▶ [Exercise prompt]:
What you return must match the listing exactly, with every image removed.

***** Data segment *****

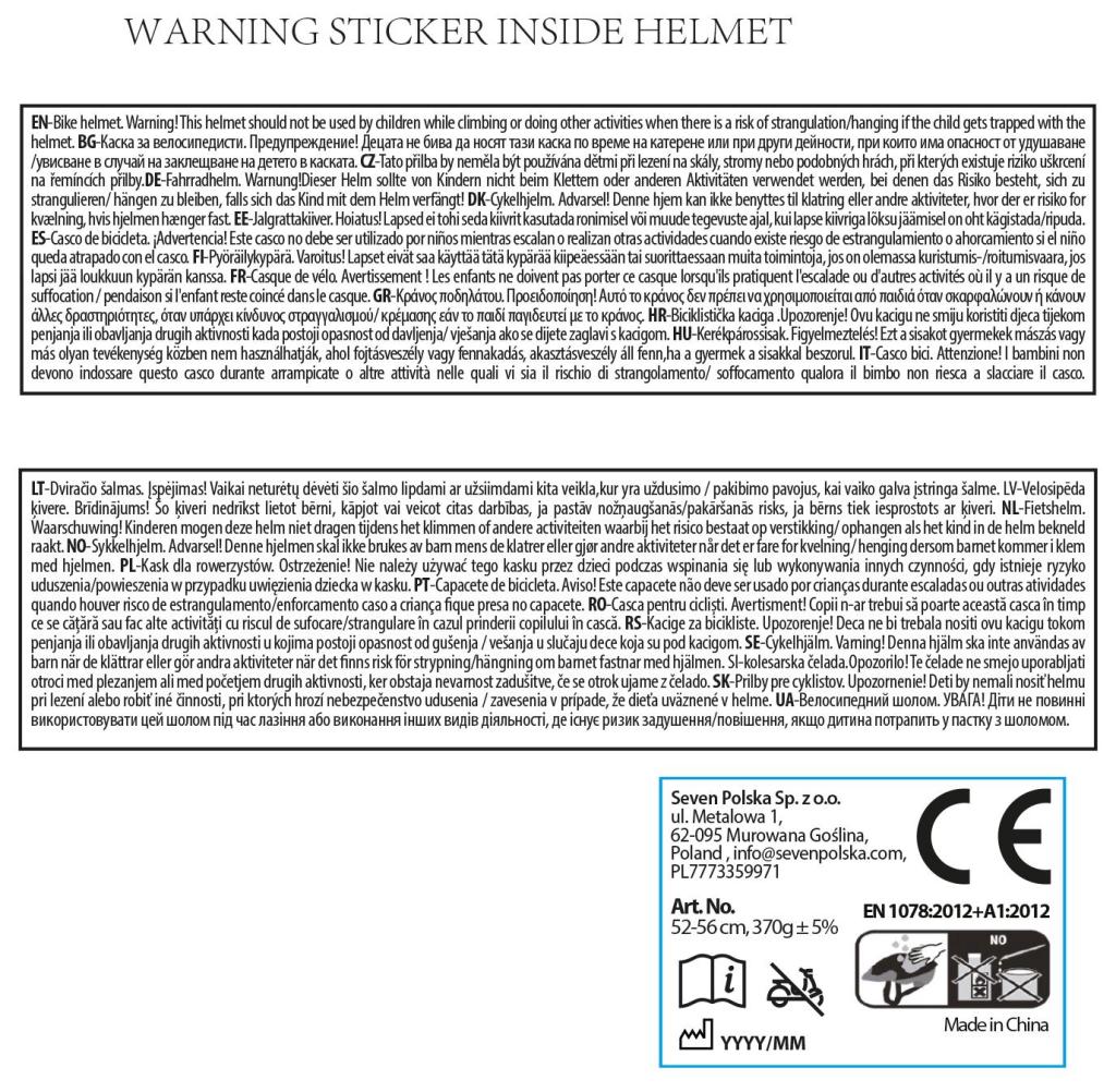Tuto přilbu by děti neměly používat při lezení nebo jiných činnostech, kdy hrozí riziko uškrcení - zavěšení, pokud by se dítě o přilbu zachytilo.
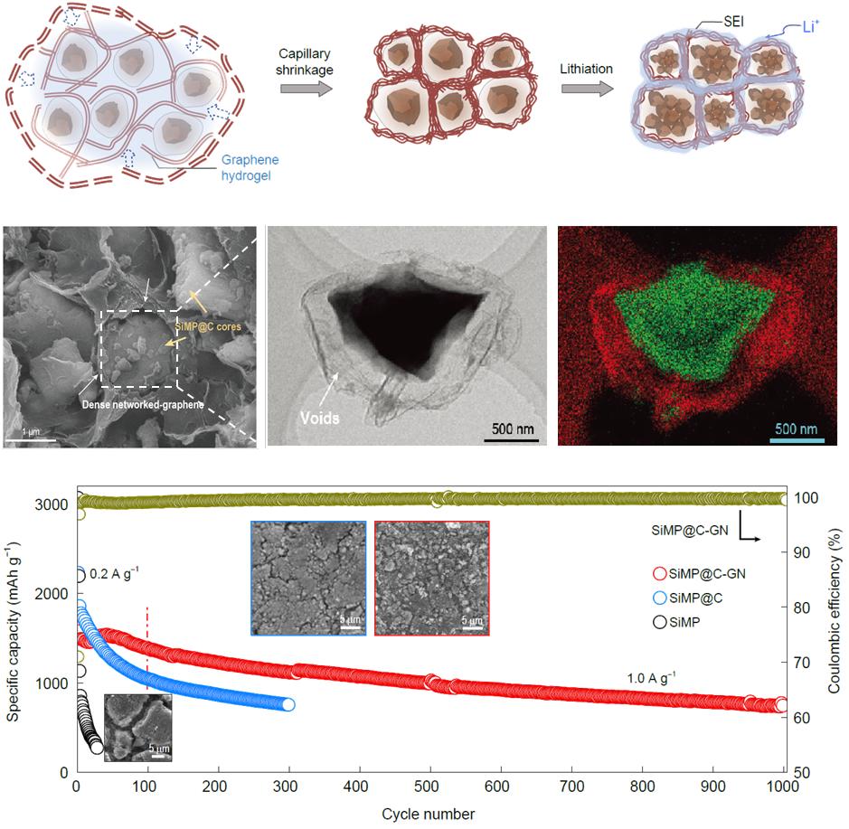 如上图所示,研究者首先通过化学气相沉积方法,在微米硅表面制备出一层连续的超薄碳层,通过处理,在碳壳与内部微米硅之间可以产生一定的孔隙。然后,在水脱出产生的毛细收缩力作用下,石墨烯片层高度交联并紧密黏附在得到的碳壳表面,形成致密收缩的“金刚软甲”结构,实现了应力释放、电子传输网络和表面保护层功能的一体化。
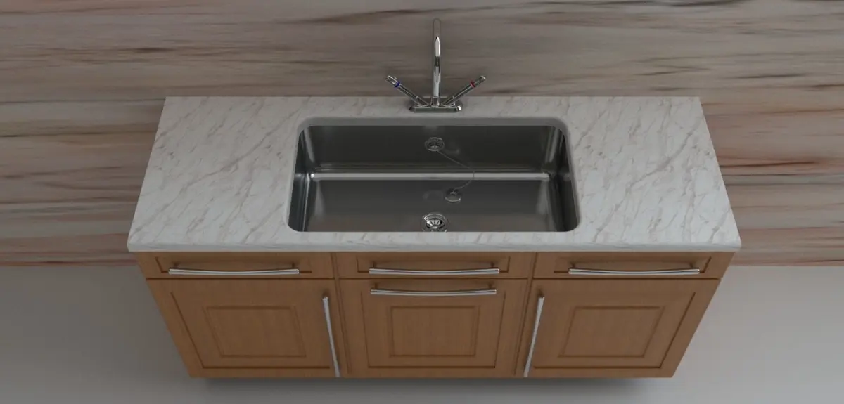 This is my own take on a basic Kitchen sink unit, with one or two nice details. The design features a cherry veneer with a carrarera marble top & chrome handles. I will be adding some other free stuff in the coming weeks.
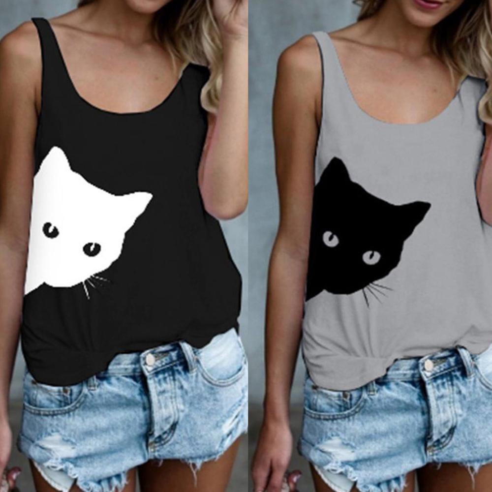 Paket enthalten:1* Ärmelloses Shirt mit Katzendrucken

*****

▶ [Task solution]:
Tuto přilbu by děti neměly používat při lezení nebo jiných činnostech, kdy hrozí riziko uškrcení - zavěšení, pokud by se dítě o přilbu zachytilo.
 如上图所示,研究者首先通过化学气相沉积方法,在微米硅表面制备出一层连续的超薄碳层,通过处理,在碳壳与内部微米硅之间可以产生一定的孔隙。然后,在水脱出产生的毛细收缩力作用下,石墨烯片层高度交联并紧密黏附在得到的碳壳表面,形成致密收缩的“金刚软甲”结构,实现了应力释放、电子传输网络和表面保护层功能的一体化。
 This is my own take on a basic Kitchen sink unit, with one or two nice details. The design features a cherry veneer with a carrarera marble top & chrome handles. I will be adding some other free stuff in the coming weeks.
 Paket enthalten:1* Ärmelloses Shirt mit Katzendrucken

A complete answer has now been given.